Les bonbons sont-ils un allié efficace pour l’endurance lors des courses longues distances ?

Image d'illustration. Candies Énergie coureursADN
Les bonbons, souvent appréciés pour leur goût sucré, sont parfois consommés par les coureurs avant ou pendant de longues distances. Mais ces friandises constituent-elles réellement une source d'énergie adaptée pour soutenir l'effort sur la durée ?
Tl;dr
- Les confiseries offrent une énergie rapide aux coureurs.
- À utiliser ponctuellement, pas comme base nutritionnelle.
- Pensez à l’hygiène bucco-dentaire lors des longues courses.
Des sucreries dans les poches des coureurs : un atout inattendu ?
Si les gels énergétiques dominent la plupart des plans d’alimentation pour la course longue distance, un phénomène discret s’installe : de plus en plus de coureurs glissent désormais quelques bonbons ou chocolats, dans leurs poches.
La raison ? Un besoin de variété et parfois, tout simplement, l’envie d’autre chose que la monotonie des gels. D’ailleurs, même des groupes spécialisés comme le LA Road Runners valident ponctuellement cette pratique, insistant sur son aspect pragmatique lors des sorties où l’appétit pour les produits dédiés s’émousse.
L’énergie rapide, oui… mais pas sans limites
À la mi-course ou quand l’estomac commence à protester face à l’avalanche de produits sportifs classiques, une friandise sucrée peut paraître salvatrice. Les favoris du peloton ? Les bonbons gélifiés type jelly beans, prisés pour leur assimilation rapide et leur côté régressif, mais aussi le chocolat noir — préférable après l’effort en raison de sa teneur en graisses qui ralentit la digestion. Néanmoins, il ne faut pas perdre de vue le principal écueil : ces aliments créent un pic glycémique aussi brusque qu’éphémère. Selon les experts du running, pour tenir la distance lors d’une sortie longue ou d’un marathon, mieux vaut :
- Miser sur des réserves pleines (repas riches en glucides complexes avant l’effort)
- S’alimenter progressivement avec des glucides faciles à digérer pendant la course
Diversifier ses apports : alternatives « nourriture réelle »
Si certains préfèrent éviter les gels ou souhaitent limiter leur consommation de sucre raffiné, il existe plusieurs solutions courantes adoptées par les adeptes du running : le banane, la dattes, voire des boules de riz ou encore quelques morceaux de pomme de terre salée.
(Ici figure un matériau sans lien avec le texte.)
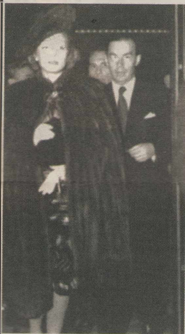
Ремарк с Марлен Дитрих в Лос-Анджелесе, 1939 год.

Это было мягко сказано. С отвращением, с подавляемым чувством омерзения Ремарк вернул издательству поправленный экземпляр, пишет он в своем дневнике. Он считал, что Германия встала на путь реставрации старых порядков. Это приводило его в отчая-
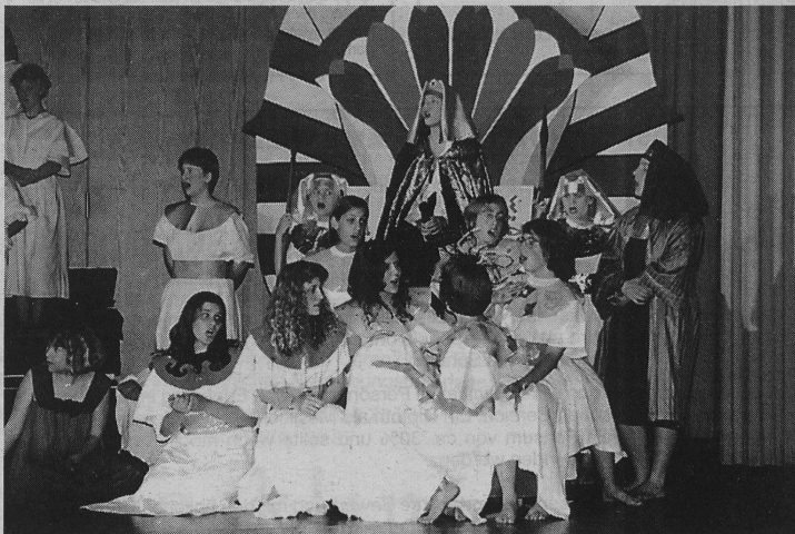
«Pharaoh heisst de König im Land. Er hüt ganz Ägypte fesch i der Hand, regiert mit Umsicht und grossem Verstand, isch in alle n'andré Länder bekannt...»

Vielleicht hat dies das eingangs erwähnte A-capella-Quartett auch schon erfahren. Vielleicht arbeitet es inzwischen in der Produktion von originellen musikalischen Telefonbeantworter-Ansagen oder wird als Beruhigungsmittel im Behandlungszimmer eines musikliebenden Zahnarztes eingesetzt... Franziskus
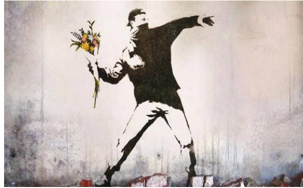
The Flower Thrower, Banksy (Streetart Bethlehem)

Schriftlezing Evangelie: Matteüs 5, 33-48
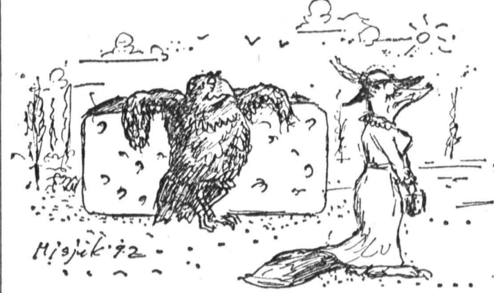
Рисунок Вагима Мисюка.

Действительно, последователь и всеохватывающее осуществление принципа удовлетворения как раз объединяет социальность и соответственно ин-
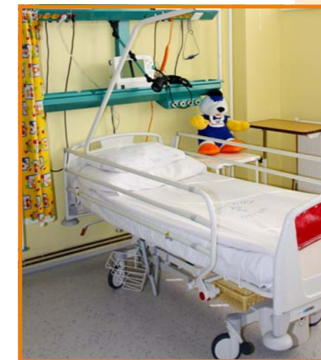
Lůžka intenzivní péče
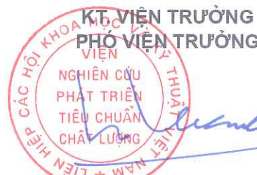
TS. Ngô Tất Thắng
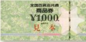
(全国百貨店共通商品券)
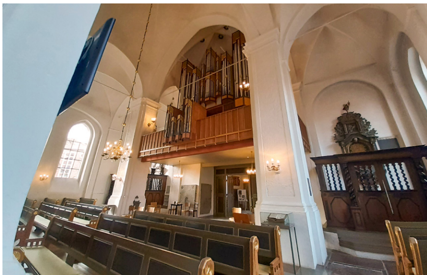
Orgelet i Sankt Nicolai kirke.

til kirkerummets formidling af højtidelighed, og fra vores feltbesøg mindes vi, at en yngre kirkegænger i 10-års alderen, der sad med sin familie nogle rækker foran os, nærmest lettede fra bænken, da orgelets stærke lyd blæste ud i rummet. 50
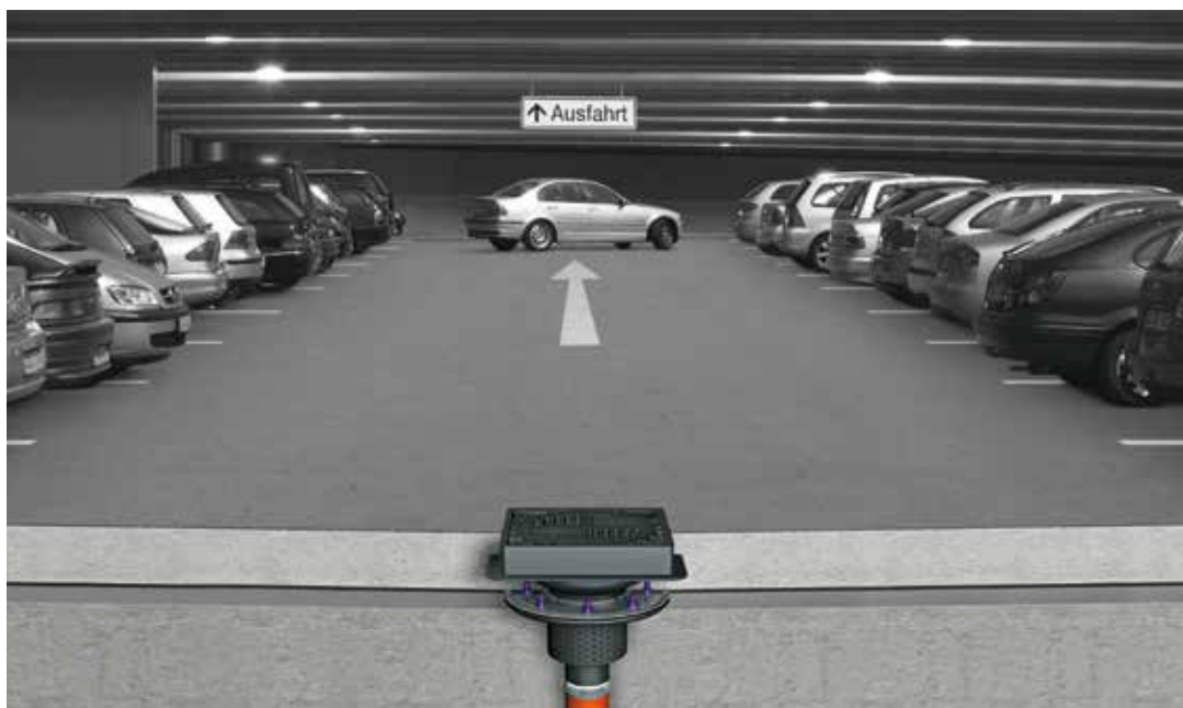
Einbaubeispiel Parkdeckablauf Ecoguss
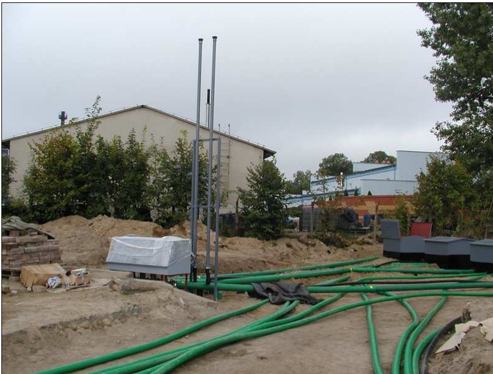
Instalacja paliwowa KPS Studzienka zlewowa z masztem oddechowym
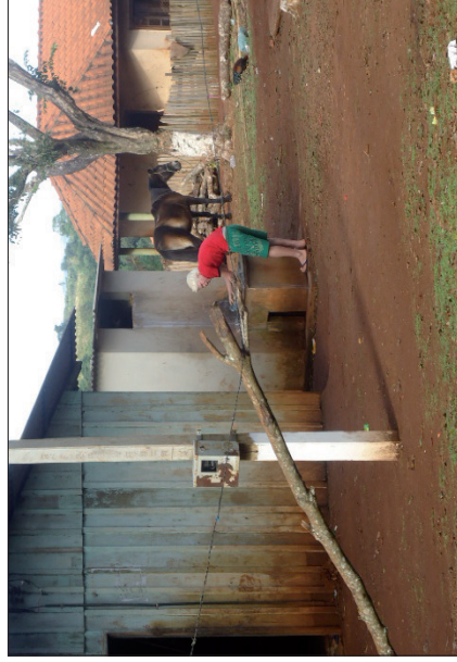
Foto 5. Índio albino lavando roupa em sua casa
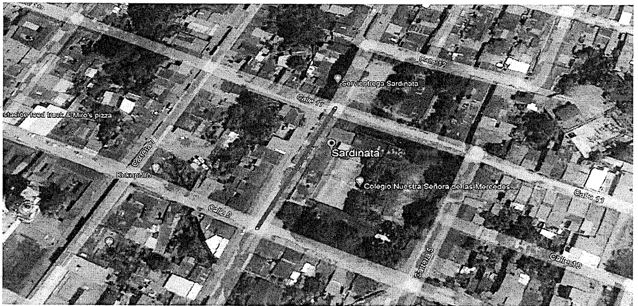
Ilustración 3 Localización de las vías carrera 5 entre calles 8 y 9
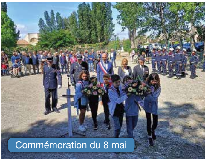
Commémoration du 8 mai
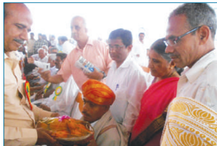
ರಾಜ್ಯ ಸರ್ಕಾರ 60ನೇ ಸಹಕಾರಿ ಸಪ್ತಾಹ ಸಮಾರಂಭದಲ್ಲಿ ಉದಯ ಸೌಹಾರ್ದ ಪತ್ತಿನ ಸಹಕಾರಿಗೆ ಅತ್ಯುತ್ತಮ ಸಹಕಾರಿ ಎಂದು ಪ್ರಶಸ್ತಿ ನೀಡಿ ಮರಸ್ತರಿಸಿದೆ.
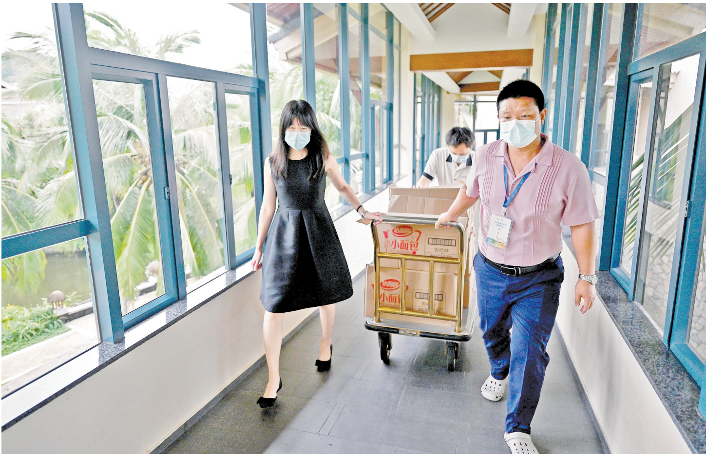
8月8日，三亚亚龙湾一家酒店的工作人员将生活物资送往客房
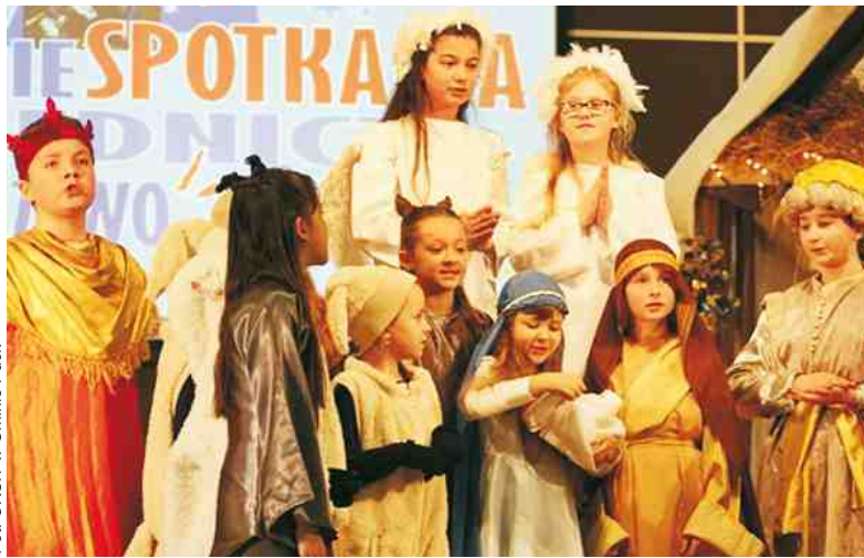
Kostiumy i scenografia były starannie przygotowane i pomagały zrozumieć widowisko

Poziom prezentacji poszczególnych zespołów świadczył o wysokim zaangażowaniu opiekunów. Organizatorem spotkania był Ośrodek Kultury, Sportu i Turystyki w Gminie Puck przy wsparciu finansowym Starostwa Powiatowego w Pucku.
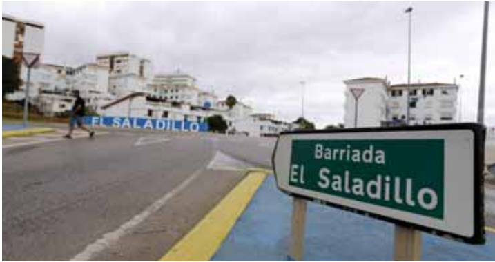
El Saladillo, en Algeciras
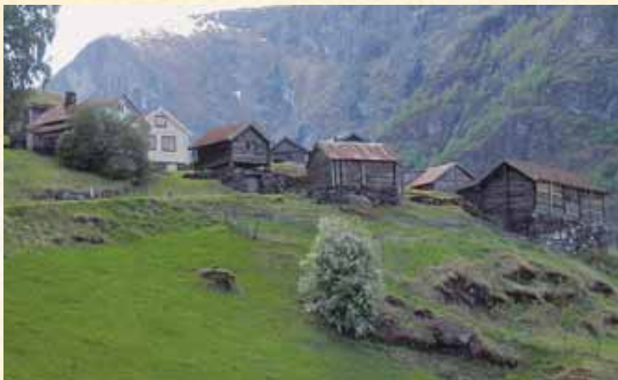
Otnestunet, Aurland.
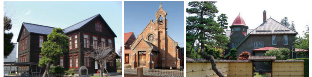
左. 鏡ヶ丘記念館(県重宝) 中. 日本聖公会弘前昇天教会(県重宝) J・M・ガーディナー設計 右. 藤田家別邸洋館(登録有形文化財、趣のある建物)
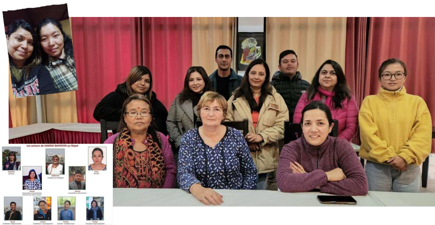
L'équipe Samdo Bavishya
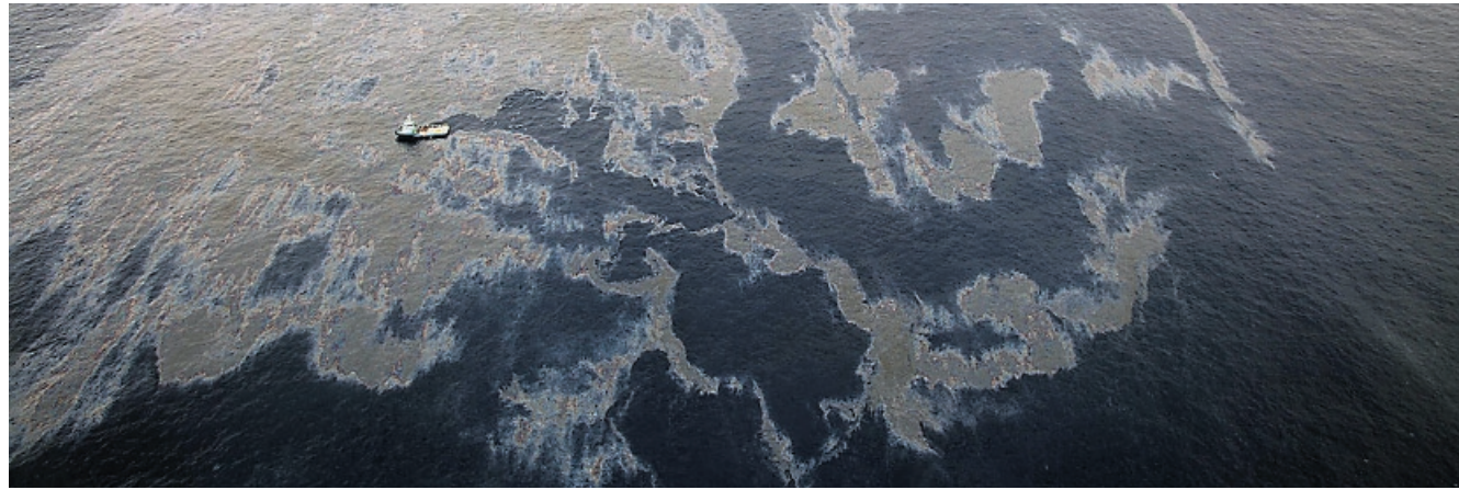
Ein Ölleck vor der brasilianischen Küste könnte Transocean viel Geld und zudem lukrative Aufträge kosten.
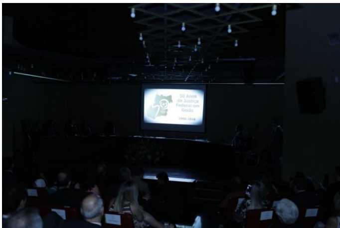
Apresentação do vídeo institucional
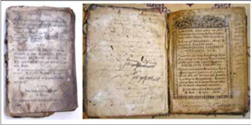
Fig. 2. Efectele acțiunii factorilor biologici asupra documentelor

țele cu relief compus. Curățarea umedă presupune aplicarea tratamentelor care hidratează obiectul parțial sau în întregime. Este aplicat îndeosebi cărților cu coperti din piele sau pergament. Prin metoda umedă mai sunt îndepărtate și petele de ceară, straturile aderente ale benzilor adezive. Nedepistarea la timp a dăunătorilor biologici duce la modificări ireversibile în structura fizică a documentelor, se produc modificări la nivelul cromatic și pierderea parțială sau totală a suportului.
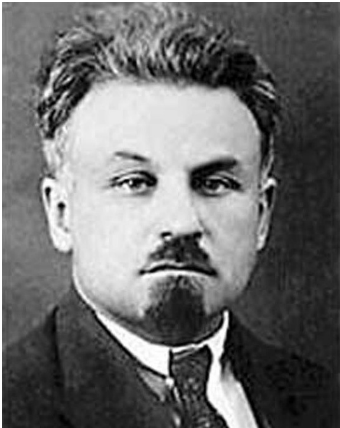
Гроза польских шпионов А.Х. Артузов
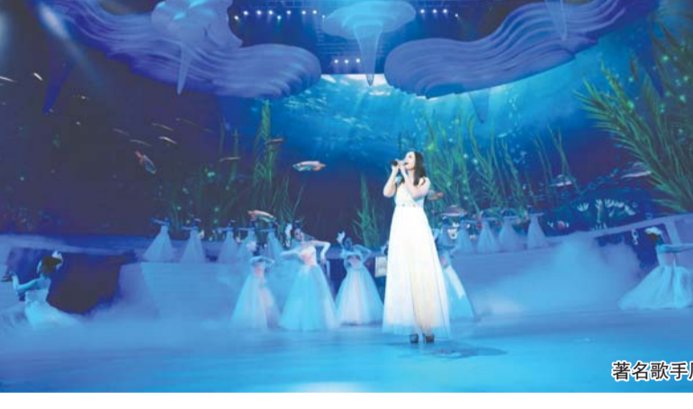
著名小品演员贾玲献唱
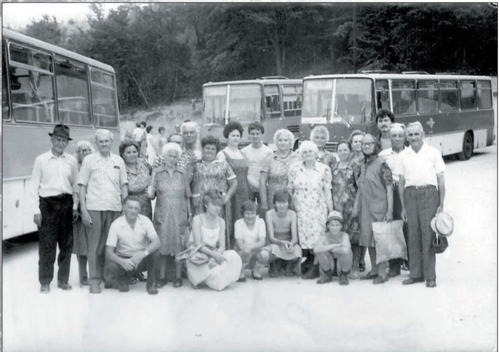
18.Egerben is jártunk 1993-ban
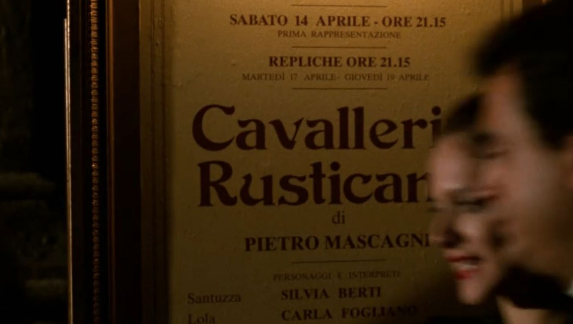
Der Pate III, 1990

Gemeint sind damit gern auch überbordende Gefühle, eben jene Überwältigungen, die einerseits für Musikdramen so typisch sind und die andererseits kodiert sind als „typisch italienisch“.

L’objectif ? Maintenir une alimentation variée et légère pour faciliter l’assimilation énergétique tout au long de l’effort.
Santé bucco-dentaire : un enjeu sous-estimé chez les runners
Que ce soit via gels, boissons isotoniques ou bonbons acidulés, le sucre est omniprésent dans l’alimentation du coureur d’endurance. Cela exige quelques précautions : s’il paraît anodin d’avaler une poignée de friandises en courant, mieux vaut veiller à se rincer régulièrement la bouche à l’eau et éviter que les résidus ne stagnent sur les dents pendant plusieurs kilomètres. Car préserver sa bouche, c’est aussi préserver sa performance.
En somme, intégrer ponctuellement une confiserie au cours d’une sortie longue peut offrir un coup de fouet bienvenu ou casser la routine du ravitaillement. Mais en faire une habitude expose à certains déséquilibres. Sur ce terrain comme ailleurs en course à pied : choisir judicieusement chaque carburant reste essentiel.